It is freely available under a permissive Open Source licence. It can be downloaded from
<link xlink:href="http://watchmaker.uncommons.org">http://watchmaker.uncommons.org</link>.
</para>
<para>
This chapter introduces the core components of the Watchmaker Framework and shows how
they can be used to implement simple evolutionary algorithms such as the "Hello World"
example outlined in the previous chapter.
</para>
<section>
<title>The Evolution Engine</title>
<indexterm><primary><classname>GenerationalEvolutionEngine</classname></primary></indexterm>
<indexterm><primary><interfacename>EvolutionEngine</interfacename></primary></indexterm>
<para>
The central object of an evolutionary program built with the Watchmaker Framework is
the evolution engine.
</para>
<para>
The framework provides multiple implementations of the
<interfacename>EvolutionEngine</interfacename> interface, but the one that you will
usually want to use is <classname>GenerationalEvolutionEngine</classname>. This is a
general-purpose implementation of the evolutionary algorithm outline from chapter 1.
</para>
<para>
An <interfacename>EvolutionEngine</interfacename> has a single generic type parameter
that indicates the type of object that it can evolve.

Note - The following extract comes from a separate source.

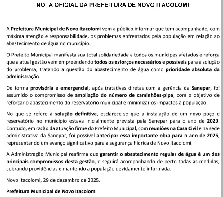 A Prefeitura de Novo Itacolomi também divulgou nota oficial, informando que acompanha a situação com atenção e responsabilidade. A administração municipal afirma que trata o problema do abastecimento como prioridade absoluta e que, de forma provisória e emergencial, após tratativas com a gerência da Sanepar, houve ampliação do número de caminhões-pipa para minimizar os impactos à população.

For the "Hello World" program we need to be able to evolve Java strings.
Code that creates an engine that can evolve strings would look something like this:
</para>
<informalexample>
<programlisting language="java">
<![CDATA[EvolutionEngine<String> engine
= new GenerationalEvolutionEngine<String>(candidateFactory,
evolutionaryOperator,
fitnessEvaluator,
selectionStrategy,
rng);]]>
</programlisting>
</informalexample>
<para>
Once you have created an <interfacename>EvolutionEngine</interfacename>, your program
is as simple as calling the <methodname>evolve</methodname> method with appropriate
arguments.
However, as you can see from the code snippet above, there is a little bit of work to
be done first in order to create an <interfacename>EvolutionEngine</interfacename> that
is configured appropriately for the given problem.
The constructor of the <classname>GenerationalEvolutionEngine</classname> class requires
five objects. These are:
</para>
<itemizedlist>
<listitem>A Candidate Factory</listitem>
<listitem>An Evolutionary Operator</listitem>
<listitem>A Fitness Evaluator</listitem>
<listitem>A Selection Strategy</listitem>
<listitem>A Random Number Generator</listitem>
</itemizedlist>
</section>
<section>
<title>The Candidate Factory</title>
<indexterm significance="preferred"><primary><interfacename>CandidateFactory</interfacename></primary></indexterm>
<para>
The first object that needs to be plugged into the evolution engine is a candidate
factory. Every evolutionary simulation must start with an initial population of
candidate solutions and the <interfacename>CandidateFactory</interfacename> interface
is the mechanism by which the evolution engine creates this population.
</para>
<para>
A candidate factory implementation has an associated type. It can only create
objects of that type. The type must match the type of the evolution engine that
it is plugged into.
You can write your own implementation of <interfacename>CandidateFactory</interfacename>
for your program or, if you are using a common type such as strings, lists or
arrays, you may be able to use a ready-made factory from the
<package>org.uncommons.watchmaker.framework.factories</package> package.
</para>
<indexterm><primary><classname>StringFactory</classname></primary></indexterm>
<para>
For our "Hello World" program, we can use the provided
<classname>StringFactory</classname>:
</para>
<informalexample>
<programlisting language="java">
<![CDATA[// Define the set of permitted characters (A-Z plus space).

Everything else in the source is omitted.